To mitigate the hardship which presentations/filings of winding-up petitions may cause, Section 576 of CAMA empowers Courts to validate certain dispositions. Ideally, parties may obtain prior Court validation for dispositions. Where prior validations are impracticable, parties may seek for retrospective validations. Decided English cases indicate that most retrospective applications for validation are made in response to a liquidator’s challenge of a post-petition disposition of a company’s property.

Whether a Court will validate a post-petition disposition is a matter of judicial discretion to be exercised based on the facts of each case: Re Clifton Place Garage (1970) Ch 477. English Courts will validate dispositions if there are special circumstances showing that it will be or has been for the benefit of the general body of unsecured creditors: Express Electrical Distributors Ltd v Beavis [2016] 1 WLR 4783. Previously, in Gray’s Inn Construction Co Ltd [1980] 1 WLR 711 at 718F-G, Buckley LJ had stated that Courts would validate dispositions done in good faith and in the ordinary course of business at a time when parties were unaware of a pending winding-up petition. This was echoed by Fox LJ in Denney v John Hudson & Co Ltd [1992] BCLC 901 at 904. This is no longer the position of English law. Recent authorities indicate that mere good faith and lack of knowledge of a pending petition will not suffice: Express Electrical Distributors Ltd v Beavis [supra]; Re MKG Convenience Ltd [2019] EWHC 1383.
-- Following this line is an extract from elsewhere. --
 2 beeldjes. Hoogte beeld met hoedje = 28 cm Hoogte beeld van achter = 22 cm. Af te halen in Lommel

It has also been suggested that a recipient of an otherwise void disposition may rely on the defence of “change of position”: Express Electrical Distributors Ltd v Beavis [supra]; Re MKG Convenience Ltd (supra). The basis for this position is that a liquidator’s remedy to recover such dispositions is restitutionary. Accordingly, a recipient is entitled to the equitable defence if it shows that it would be unjust to require a return of a disposition because of a change in the recipient’s circumstance.
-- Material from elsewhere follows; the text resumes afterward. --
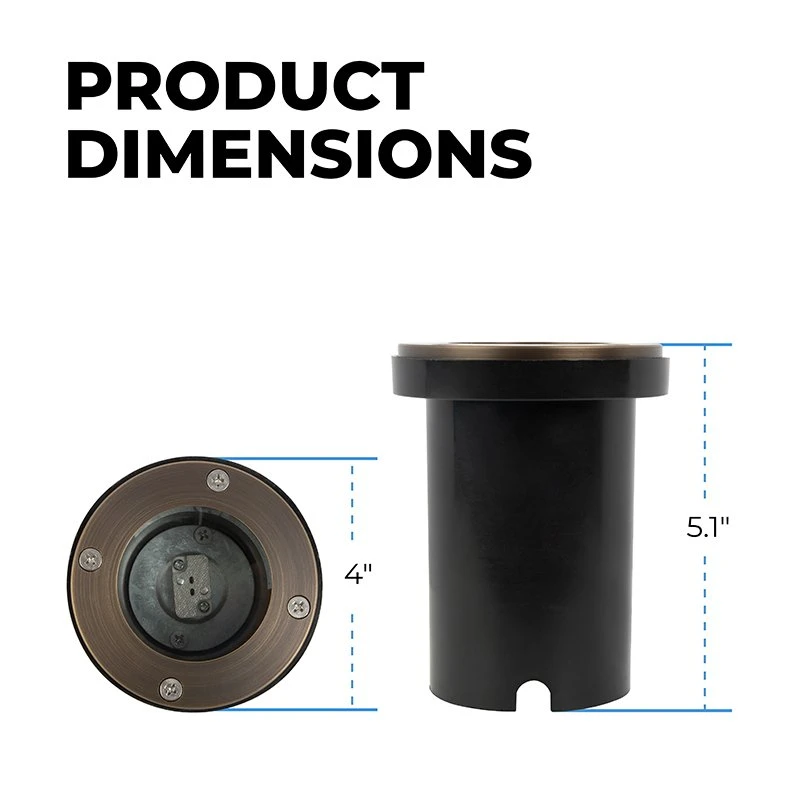 The solid brass LED-ready flat top in-ground well light is available with an RGB+tunable white MR16 smart bulb and optional RF remote control or Wi-Fi controller. Pair the bulb with your smartphone, tablet, Amazon Alexa, or Google home assistant for hands-free control with the Wi-Fi hub. The bulb can be customized, selecting from various color-changing/white modes and adjusting the speed, brightness, color, saturation, or white color temperature. Stainless steel hardware secures the flat top and seals the glass lens to the brass housing for waterproof construction. Install the polycarbonate sleeve with good drainage for optimal fixture life. This brass in-ground well light is ideal for landscape uplighting of trees, gardens, and building facades.

If Ecobank’s winding-up petition against Honeywell Group is granted on a future date, Honeywell Group’s disposition of its 71.69% stake in Honeywell Flour to FMN will become void. FMN would have to apply to Court for a retrospective validation of the transaction/disposition. In that regard, FMN may have to show that the disposition was for the benefit of the generality of Honeywell Group’s unsecured creditors. Considering FMN’s knowledge of Ecobank’s pending winding-up petition against Honeywell Group, and its disregard for Ecobank’s caveat, it would be arduous for FMN to successfully rely on the equitable defence of change of position due to the equitable doctrine of clean hands.
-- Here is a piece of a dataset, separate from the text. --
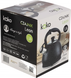 Kedlen KOKO LEON med en kapacitet på 1,8 l er et stilfuldt og funktionelt tilbehør til ethvert køkken. Denne kedel er fremstillet af materialer af høj kvalitet og har en iøjnefaldende overflade med marmoreffekt, som tilfører elegance til enhver indretning.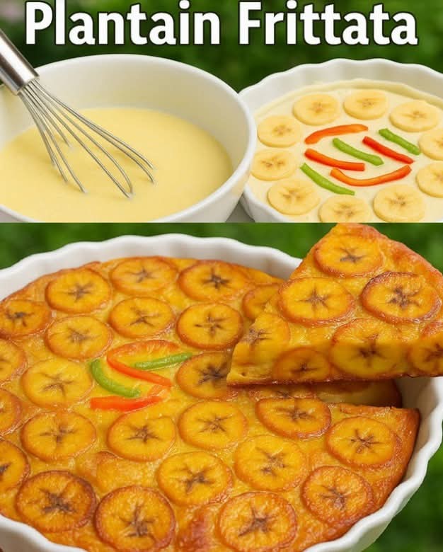 5. Arrange the sliced plantains and bell peppers on top in a decorative pattern.

Implications of FMN’s Pending Appeal

Ecobank’s winding-up petition against Honeywell Group in Suit No: FHC/L/CP/1571/2015 was dismissed by the High Court. Ecobank’s appeal (CA/L/1041/2016) against the decision of the High Court was successful with the Court of Appeal setting aside the High Court’s decision. Honeywell Group has filed an appeal (SC/700/2019) against the Court of Appeal’s decision. The appeal is pending at the Supreme Court.

A mere appeal against a Court’s decision does not affect the validity of the decision appealed against. The decision remains valid until set aside. Accordingly, following the Court of Appeal’s decision in CA/L/1041/2016, the winding-up petition in Suit No: FHC/L/CP/1571/2015 is still pending. Consequently, if a winding-up order is eventually made on a future date in Suit No: FHC/L/CP/1571/2015, Honeywell Group’s disposition of its 71.69% stake in Honeywell Flour will be void unless validated by a Court.

Conclusion

So long as a winding-up petition is not eventually granted, a company’s disposition of its property/shares or alteration of the status of its members (while the winding-up petition is pending) will remain valid. Such disposition or alteration will be void, if a Court subsequently grants the winding-up petition. The Court order granting the winding-up petition will operate retrospectively and take effect from the date the petition was presented/filed. Parties transacting with companies facing winding-up petitions may (prospectively or retrospectively) apply to Court for validation of their transactions.